Search the data below for "with"; list each line that holds it.

** Opening MATERIAL FOR THE TASK block **

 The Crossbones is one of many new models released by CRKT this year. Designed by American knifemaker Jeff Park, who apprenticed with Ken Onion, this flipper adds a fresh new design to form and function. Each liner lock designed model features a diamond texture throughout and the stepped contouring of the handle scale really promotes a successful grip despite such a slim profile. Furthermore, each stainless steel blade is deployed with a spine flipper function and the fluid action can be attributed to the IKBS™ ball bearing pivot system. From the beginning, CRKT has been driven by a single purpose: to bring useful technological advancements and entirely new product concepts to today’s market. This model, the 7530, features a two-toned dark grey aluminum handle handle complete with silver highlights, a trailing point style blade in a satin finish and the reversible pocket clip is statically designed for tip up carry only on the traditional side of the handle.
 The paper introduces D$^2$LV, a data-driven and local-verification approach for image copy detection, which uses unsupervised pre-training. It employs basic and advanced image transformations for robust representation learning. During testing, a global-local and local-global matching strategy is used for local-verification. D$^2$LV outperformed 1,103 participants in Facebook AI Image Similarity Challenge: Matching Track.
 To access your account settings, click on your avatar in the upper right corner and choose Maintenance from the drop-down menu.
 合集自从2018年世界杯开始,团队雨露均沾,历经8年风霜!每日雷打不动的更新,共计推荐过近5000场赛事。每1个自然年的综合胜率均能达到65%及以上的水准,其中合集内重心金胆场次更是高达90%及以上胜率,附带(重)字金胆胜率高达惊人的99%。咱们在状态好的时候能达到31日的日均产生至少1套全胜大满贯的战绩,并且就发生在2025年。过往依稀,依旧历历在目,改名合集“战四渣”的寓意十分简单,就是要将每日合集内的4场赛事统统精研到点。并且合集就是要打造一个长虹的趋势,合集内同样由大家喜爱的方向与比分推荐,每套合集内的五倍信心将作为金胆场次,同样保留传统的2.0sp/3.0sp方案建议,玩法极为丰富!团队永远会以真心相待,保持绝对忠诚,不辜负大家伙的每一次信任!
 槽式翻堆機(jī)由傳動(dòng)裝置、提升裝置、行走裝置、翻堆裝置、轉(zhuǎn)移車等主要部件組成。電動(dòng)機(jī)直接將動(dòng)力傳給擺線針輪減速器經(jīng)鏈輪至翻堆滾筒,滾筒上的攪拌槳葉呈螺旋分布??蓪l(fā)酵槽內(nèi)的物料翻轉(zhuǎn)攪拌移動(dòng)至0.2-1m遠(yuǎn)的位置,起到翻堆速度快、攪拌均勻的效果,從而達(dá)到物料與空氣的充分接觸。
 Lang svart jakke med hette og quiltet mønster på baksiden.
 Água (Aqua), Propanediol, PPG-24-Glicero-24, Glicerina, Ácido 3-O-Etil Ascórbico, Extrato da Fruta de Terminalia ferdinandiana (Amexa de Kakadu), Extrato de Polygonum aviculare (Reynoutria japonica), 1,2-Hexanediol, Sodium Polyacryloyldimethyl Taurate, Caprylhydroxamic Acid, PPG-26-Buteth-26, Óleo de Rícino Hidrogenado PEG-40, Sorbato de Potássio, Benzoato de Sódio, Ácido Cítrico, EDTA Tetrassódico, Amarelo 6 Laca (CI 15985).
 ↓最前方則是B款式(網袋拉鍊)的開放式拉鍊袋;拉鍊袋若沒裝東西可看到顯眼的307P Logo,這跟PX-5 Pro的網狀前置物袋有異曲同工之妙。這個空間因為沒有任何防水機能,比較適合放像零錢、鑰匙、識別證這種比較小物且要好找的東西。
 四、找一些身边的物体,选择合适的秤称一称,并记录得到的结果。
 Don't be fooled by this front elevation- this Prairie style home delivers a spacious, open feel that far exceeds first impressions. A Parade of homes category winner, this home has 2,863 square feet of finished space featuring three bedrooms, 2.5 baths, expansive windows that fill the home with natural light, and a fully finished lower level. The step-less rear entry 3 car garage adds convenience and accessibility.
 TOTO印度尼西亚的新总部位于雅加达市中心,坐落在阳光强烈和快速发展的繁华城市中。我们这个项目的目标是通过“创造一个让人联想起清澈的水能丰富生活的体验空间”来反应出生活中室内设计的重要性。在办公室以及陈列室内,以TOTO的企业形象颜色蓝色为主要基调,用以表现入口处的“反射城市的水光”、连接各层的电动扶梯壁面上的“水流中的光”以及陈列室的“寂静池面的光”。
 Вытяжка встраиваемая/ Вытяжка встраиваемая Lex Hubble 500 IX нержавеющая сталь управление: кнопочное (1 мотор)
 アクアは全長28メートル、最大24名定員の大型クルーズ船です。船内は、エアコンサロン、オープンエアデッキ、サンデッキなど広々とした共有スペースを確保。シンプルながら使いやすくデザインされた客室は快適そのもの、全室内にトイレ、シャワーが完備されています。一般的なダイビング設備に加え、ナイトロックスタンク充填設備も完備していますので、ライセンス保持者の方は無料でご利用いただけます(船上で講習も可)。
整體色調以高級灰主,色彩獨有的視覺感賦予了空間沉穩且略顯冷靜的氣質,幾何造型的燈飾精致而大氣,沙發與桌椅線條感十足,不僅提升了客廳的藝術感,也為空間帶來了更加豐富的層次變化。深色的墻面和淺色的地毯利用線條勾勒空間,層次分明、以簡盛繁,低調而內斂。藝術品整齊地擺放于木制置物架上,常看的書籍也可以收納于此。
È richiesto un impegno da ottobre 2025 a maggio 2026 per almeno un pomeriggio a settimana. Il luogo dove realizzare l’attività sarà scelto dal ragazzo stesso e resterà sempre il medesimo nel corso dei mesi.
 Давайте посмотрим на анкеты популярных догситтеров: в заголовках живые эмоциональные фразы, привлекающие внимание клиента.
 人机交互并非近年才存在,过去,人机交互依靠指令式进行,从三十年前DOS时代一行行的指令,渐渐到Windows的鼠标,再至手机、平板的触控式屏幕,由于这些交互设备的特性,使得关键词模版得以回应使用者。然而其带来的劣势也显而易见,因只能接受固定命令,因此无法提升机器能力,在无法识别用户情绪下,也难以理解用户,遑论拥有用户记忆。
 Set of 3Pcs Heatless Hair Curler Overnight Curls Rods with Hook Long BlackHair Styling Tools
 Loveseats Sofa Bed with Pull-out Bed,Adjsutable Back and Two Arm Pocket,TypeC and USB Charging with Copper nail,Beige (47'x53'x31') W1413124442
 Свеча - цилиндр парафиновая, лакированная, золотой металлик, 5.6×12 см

** Closing MATERIAL FOR THE TASK block **

- [RESULT OF THIS TASK]:
 The Crossbones is one of many new models released by CRKT this year. Designed by American knifemaker Jeff Park, who apprenticed with Ken Onion, this flipper adds a fresh new design to form and function. Each liner lock designed model features a diamond texture throughout and the stepped contouring of the handle scale really promotes a successful grip despite such a slim profile. Furthermore, each stainless steel blade is deployed with a spine flipper function and the fluid action can be attributed to the IKBS™ ball bearing pivot system. From the beginning, CRKT has been driven by a single purpose: to bring useful technological advancements and entirely new product concepts to today’s market. This model, the 7530, features a two-toned dark grey aluminum handle handle complete with silver highlights, a trailing point style blade in a satin finish and the reversible pocket clip is statically designed for tip up carry only on the traditional side of the handle.
 Don't be fooled by this front elevation- this Prairie style home delivers a spacious, open feel that far exceeds first impressions. A Parade of homes category winner, this home has 2,863 square feet of finished space featuring three bedrooms, 2.5 baths, expansive windows that fill the home with natural light, and a fully finished lower level. The step-less rear entry 3 car garage adds convenience and accessibility.
 Set of 3Pcs Heatless Hair Curler Overnight Curls Rods with Hook Long BlackHair Styling Tools
 Loveseats Sofa Bed with Pull-out Bed,Adjsutable Back and Two Arm Pocket,TypeC and USB Charging with Copper nail,Beige (47'x53'x31') W1413124442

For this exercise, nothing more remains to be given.